╔══

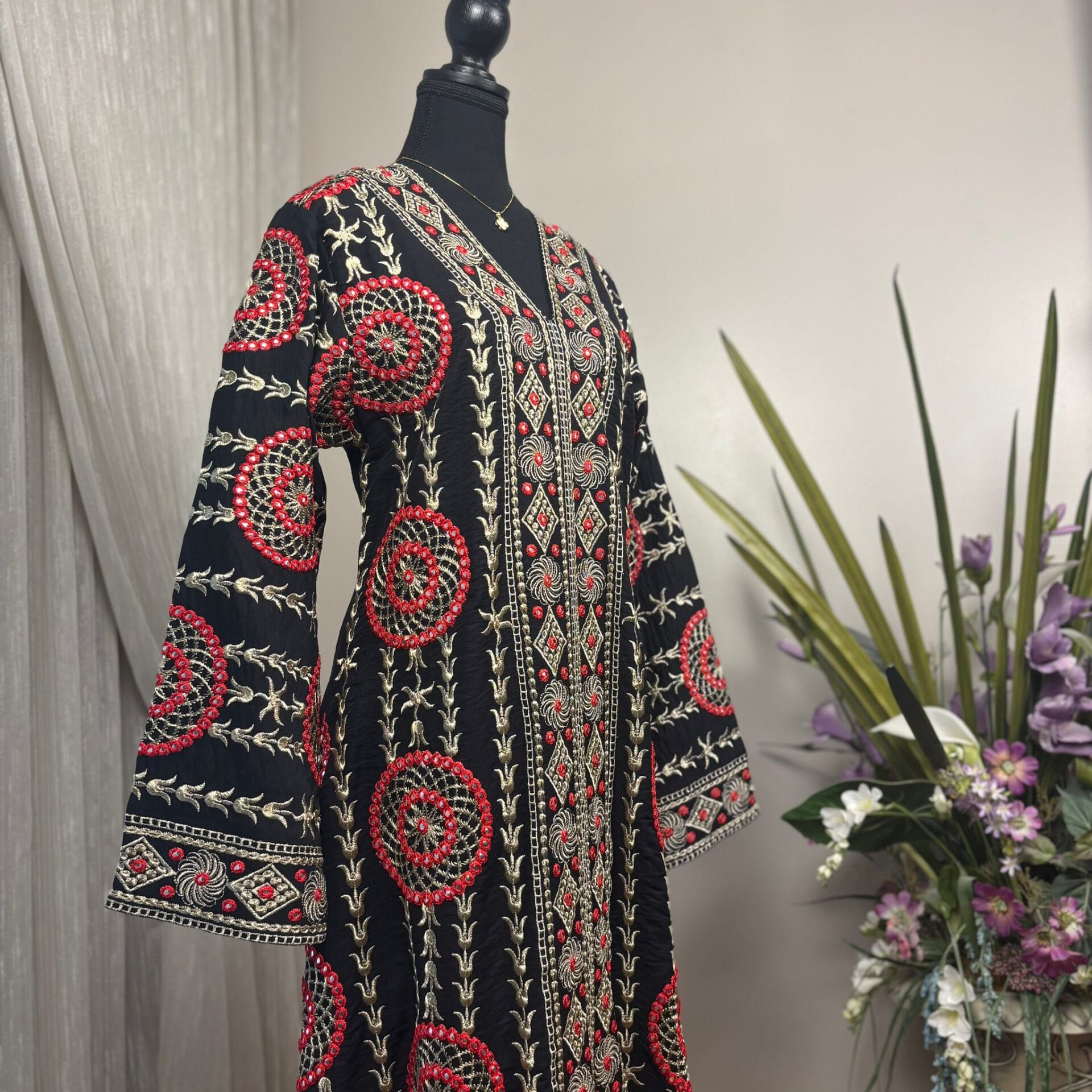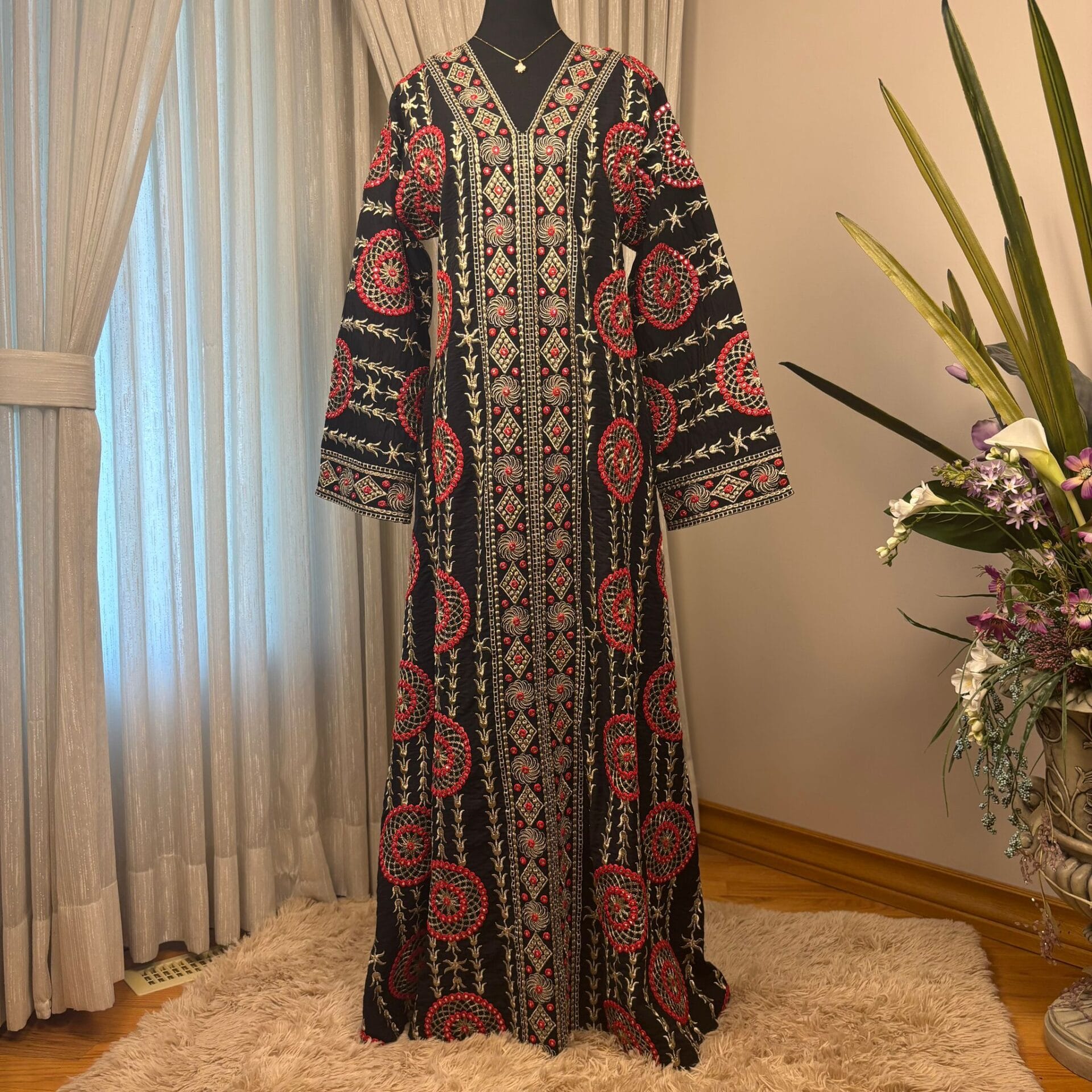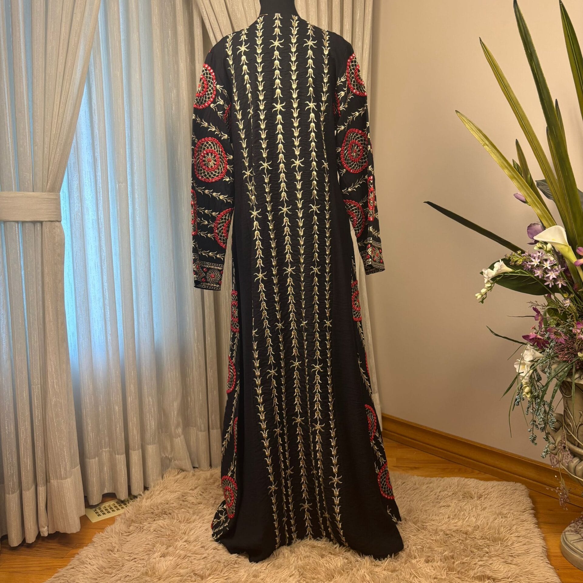 The Heritage Bloom Abaya is a celebration of cultural elegance, meticulously crafted with bold embroidery that brings history and artistry to life. Set against a deep black backdrop, the Abaya features intricate red and green floral medallions intertwined with delicate vine patterns, all running harmoniously along the front and sleeves.
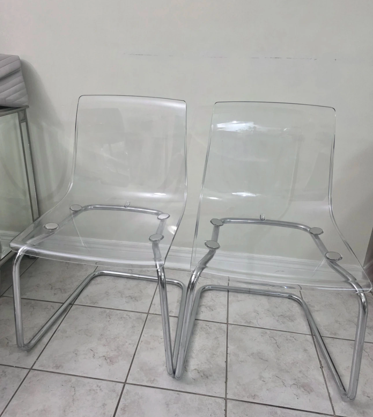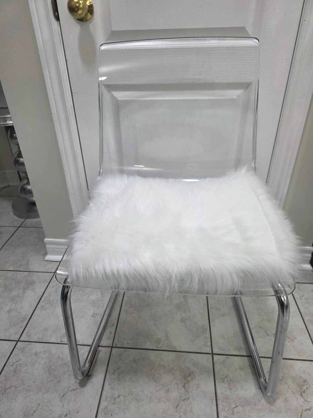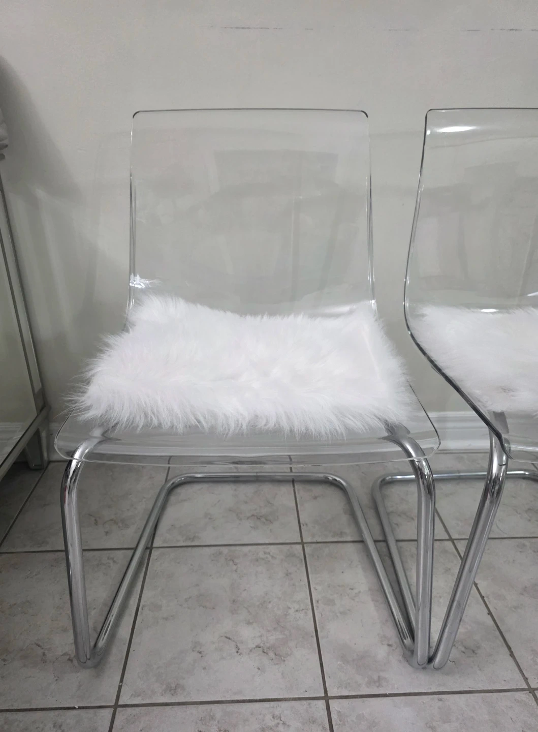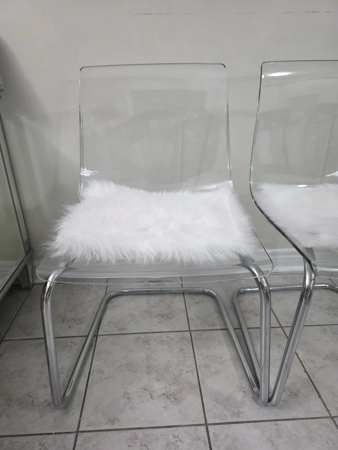 Selling 4 clear acrylic dining chair with chrome legs from Ikea. In great condition and would look great in any modern dining room or kitchen. The chair also comes with a white faux fur seat cushion.
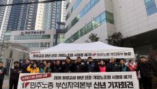 [부산=뉴시스]진민현 기자 = 민주노총 부산본부가 개정된 노조법 시행령 폐기를 촉구하며 신년 기자회견을 열고 철야 노숙농성에- 2026-01-07 12:55
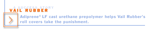 "Thanks to the Adiprene prepolymer, our customer's line is running at peak efficiency," said Vail Rubber's Tim Hanley.
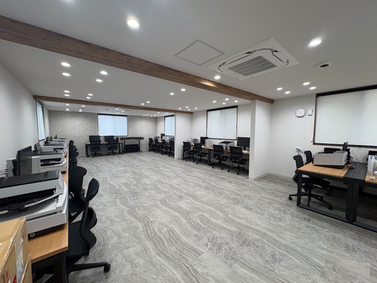 建物も、デスクも、椅子も、スキャナーやパソコンも、すべてが新品。
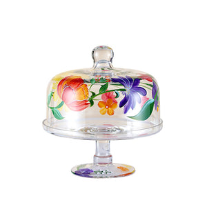 Our glass cake stand is generously enough to raise and accommodate larger cakes or tortes for a magnificent dessert display. Freshness is preserved by the fitted dome, which is topped by a functional knob handle for simple lifting. Our domed and footed cake stand is a exclusive, blown, molded, and Corak finished by hand by a team of skilled glassblowers.
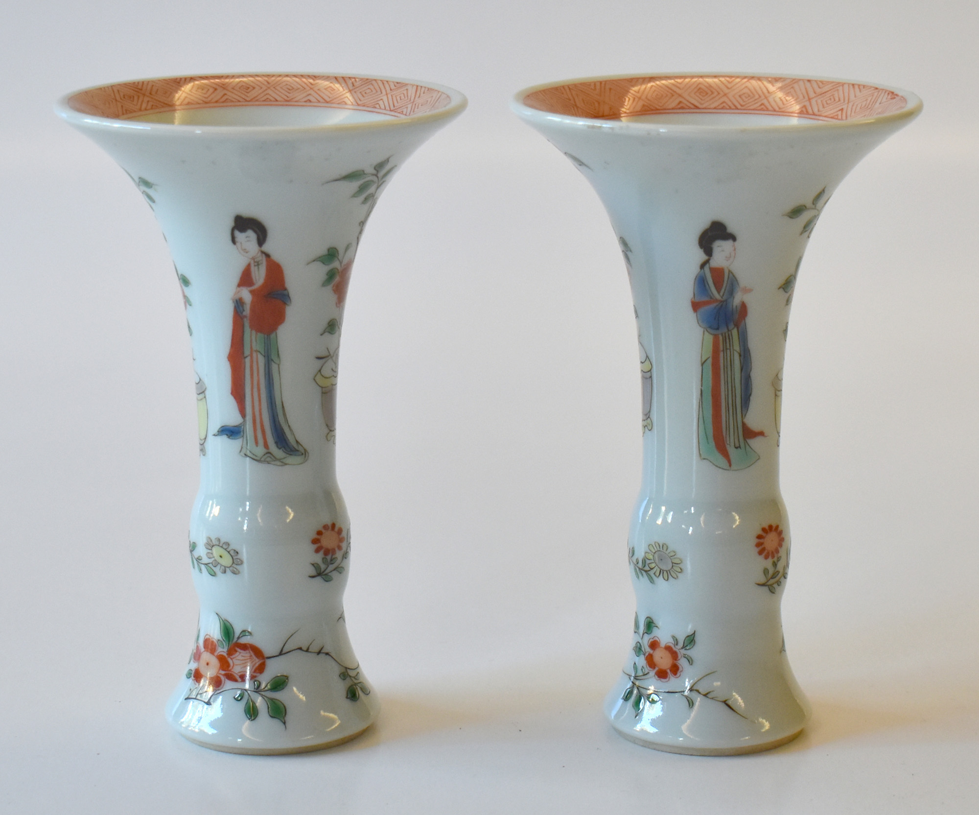 Cina coppia di vasi a tromba in porcellana bianca decorata con personaggi e motivi vegetali
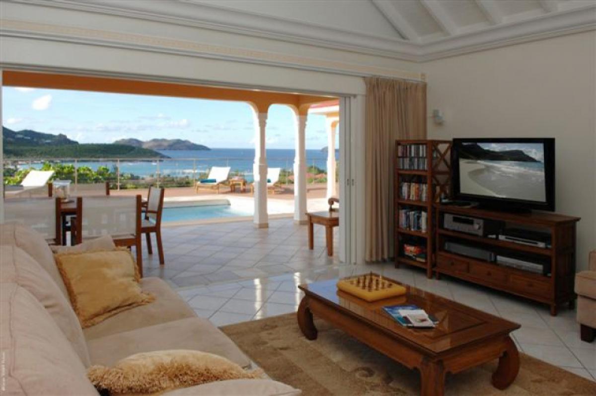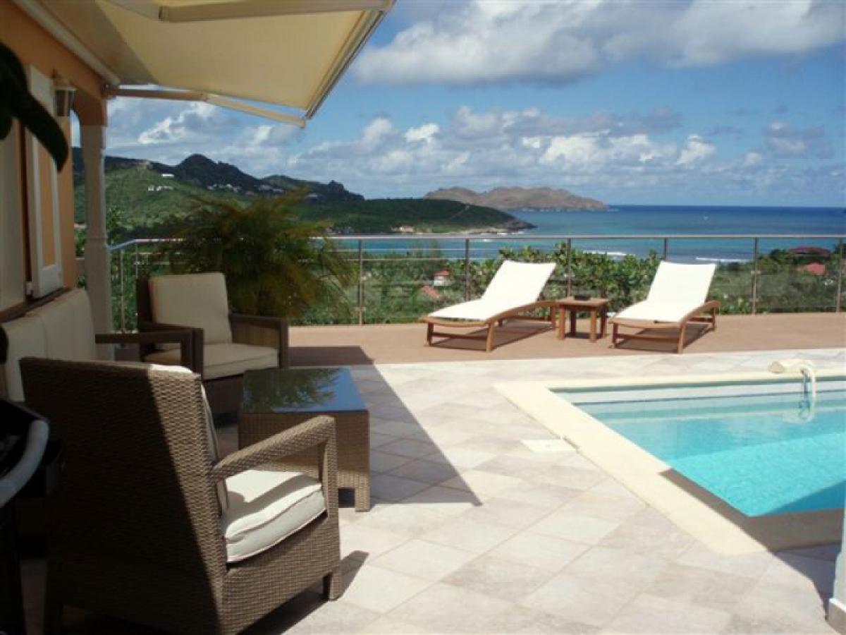 Villa Les Acajous is a true little paradise of coziness and tranquility. Sunkissed and brushed by the gentle breeze of the trade winds, its terrace is a great place for sunbathing and relaxation. Enjoy the swimming pool overlooking the bay and relax at your convenience in the lounge. Villa Les Acajous is very comfortable with rattan furniture, spacious living room, and sliding doors opening onto the front and side terraces with panoramic views around the beautiful pool and sunny deck. It is a short drive to either beach, Salines or St. Jean, and conveniently close to the restaurants and shops of Gustavia.
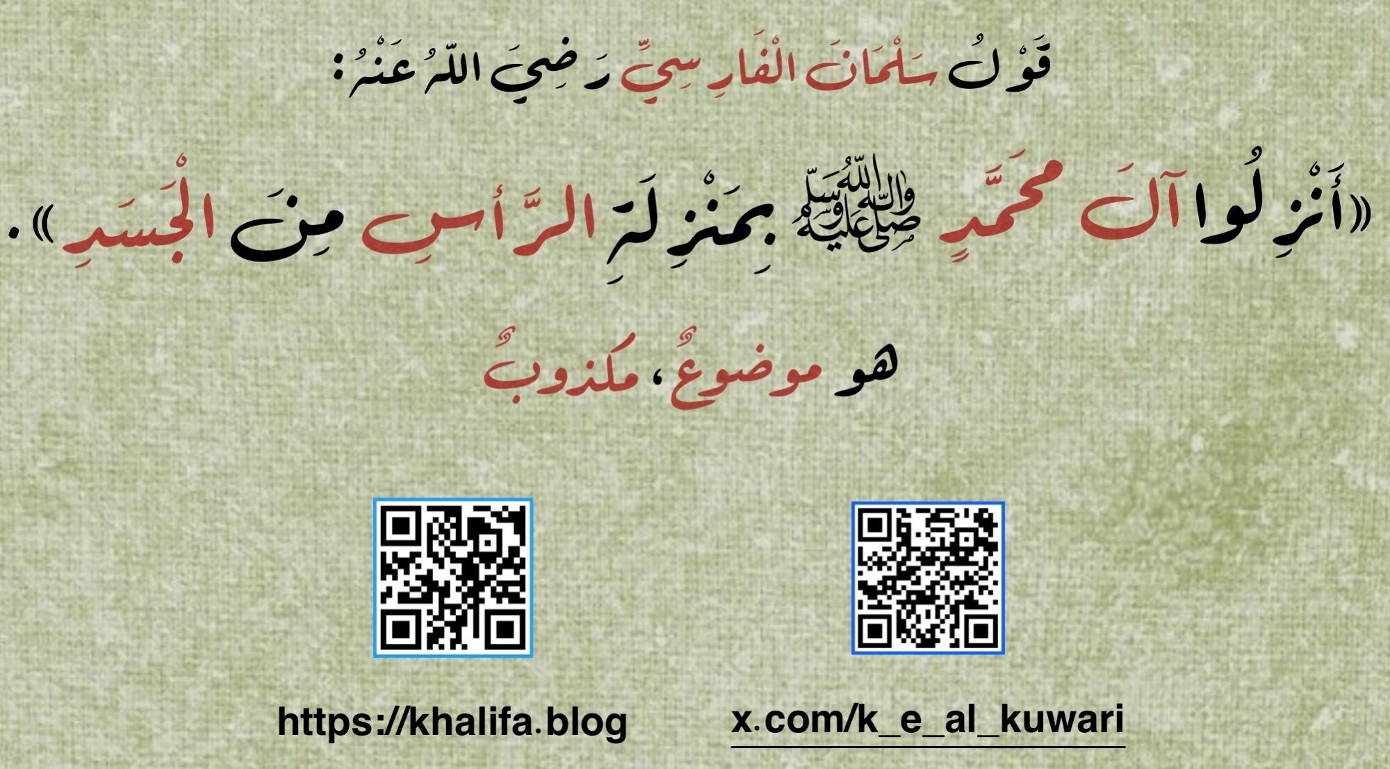 تخريج قول سلمان الفارسيّ رضي الله عنه: أنزلوا آل محمد -صلى الله عليه وسلم- بمنزلة الرأس من الجسد

╚══

### [Task details]
Everything above from the line with "[부산=뉴시스]진민현 기자 = 민주노총" through the line with "Cina coppia di" should be retyped exactly, and nothing else; omit pictures.

### [Reply to the task]
 [부산=뉴시스]진민현 기자 = 민주노총 부산본부가 개정된 노조법 시행령 폐기를 촉구하며 신년 기자회견을 열고 철야 노숙농성에- 2026-01-07 12:55
 "Thanks to the Adiprene prepolymer, our customer's line is running at peak efficiency," said Vail Rubber's Tim Hanley.
 建物も、デスクも、椅子も、スキャナーやパソコンも、すべてが新品。
 Our glass cake stand is generously enough to raise and accommodate larger cakes or tortes for a magnificent dessert display. Freshness is preserved by the fitted dome, which is topped by a functional knob handle for simple lifting. Our domed and footed cake stand is a exclusive, blown, molded, and Corak finished by hand by a team of skilled glassblowers.
 Cina coppia di vasi a tromba in porcellana bianca decorata con personaggi e motivi vegetali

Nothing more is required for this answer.